“The cold does get through it, father.”

“But it keeps our minds at peace. Even the refuge in God does not always secure us from external suffering. The heart may be quite happy and strong when the hands are benumbed with cold. Yes, the heart even may grow cold with coming death, while the man himself retreats the farther into the secret place of the Most High, growing more calm and hopeful as the last cold invades the house of his body. I believe that all troubles come to drive us into that refuge—that secret place where alone we can be safe. You will, when you go out into the world, my boy, find that most men not only do not believe this, but do not believe that you believe it. They regard it at best as a fantastic weakness, fit only for sickly people. But watch how the strength of such people, their calmness and common sense, fares when the grasp of suffering lays hold upon them. It was a sad sight—that abject hopeless misery I saw this afternoon. If his mind had been an indication of the reality, one must have said that there was no God—no God at least that would have anything to do with him. The universe as reflected in the tarnished mirror of his soul, was a chill misty void, through which blew the moaning wind of an unknown fate. As near as ever I saw it, that man was without God and without hope in the world. All who have done the mightiest things—I do not mean the showiest things—all that are like William of Orange—the great William, I mean, not our King William—or John Milton, or William Penn, or any other of the cloud of witnesses spoken of in the Epistle to the Hebrews—all the men I say who have done the mightiest things, have not only believed that there was this refuge in God, but have themselves more or less entered into the secret place of the Most High. There only could they have found strength to do their mighty deeds. They were able to do them because they knew God wanted them to do them, that he was on their side, or rather they were on his side, and therefore safe, surrounded by God on every side. My boy, do the will of God—that is, what you know or believe to be right, and fear nothing.”

I never forgot the lesson. But my readers must not think that my father often talked like this. He was not at all favourable to much talk about religion. He used to say that much talk prevented much thought, and talk without thought was bad. Therefore it was for the most part only upon extraordinary occasions, of which this is an example, that he spoke of the deep simplicities of that faith in God which was the very root of his conscious life.

He was silent after this utterance, which lasted longer than I have represented, although unbroken, I believe, by any remark of mine. Full of inward repose, I fell asleep in his arms.

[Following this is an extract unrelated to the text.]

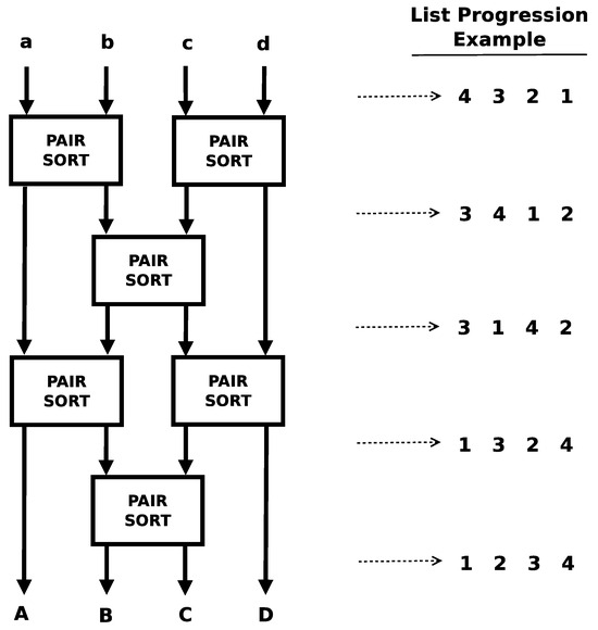 Algorithm: 4-item odd–even sort. The lower case letters (a,b,c,d) represent the input lanes into the algorithm. The upper case letters (A,B,C,D) represent the output lanes positionally corresponding to the input lanes. The numbers positionally represent a test case as it is propagated through the lanes of the algorithm [18].

When I awoke I found myself very cold. Then I became aware that my father was asleep, and for the first time began to be uneasy. It was not because of the cold: that was not at all unendurable; it was that while the night lay awful in white silence about me, while the wind was moaning outside, and blowing long thin currents through the peat walls around me, while our warm home lay far away, and I could not tell how many hours of cold darkness had yet to pass before we could set out to find it,—it was not all these things together, but that, in the midst of all these, I was awake and my father slept. I could easily have waked him, but I was not selfish enough for that: I sat still and shivered and felt very dreary. Then the last words of my father began to return upon me, and, with a throb of relief, the thought awoke in my mind that although my father was asleep, the great Father of us both, he in whose heart lay that secret place of refuge, neither slumbered nor slept. And now I was able to wait in patience, with an idea, if not a sense of the present care of God, such as I had never had before. When, after some years, my father was taken from us, the thought of this night came again and again, and I would say in my heart: “My father sleeps that I may know the better that The Father wakes.”

At length he stirred. The first sign of his awaking was, that he closed again the arms about me which had dropped by his sides as he slept.

“I’m so glad you’re awake, father,” I said, speaking first.

“Have you been long awake then?”

“Not so very long, but I felt lonely without you.”

“Are you very cold? I feel rather chilly.”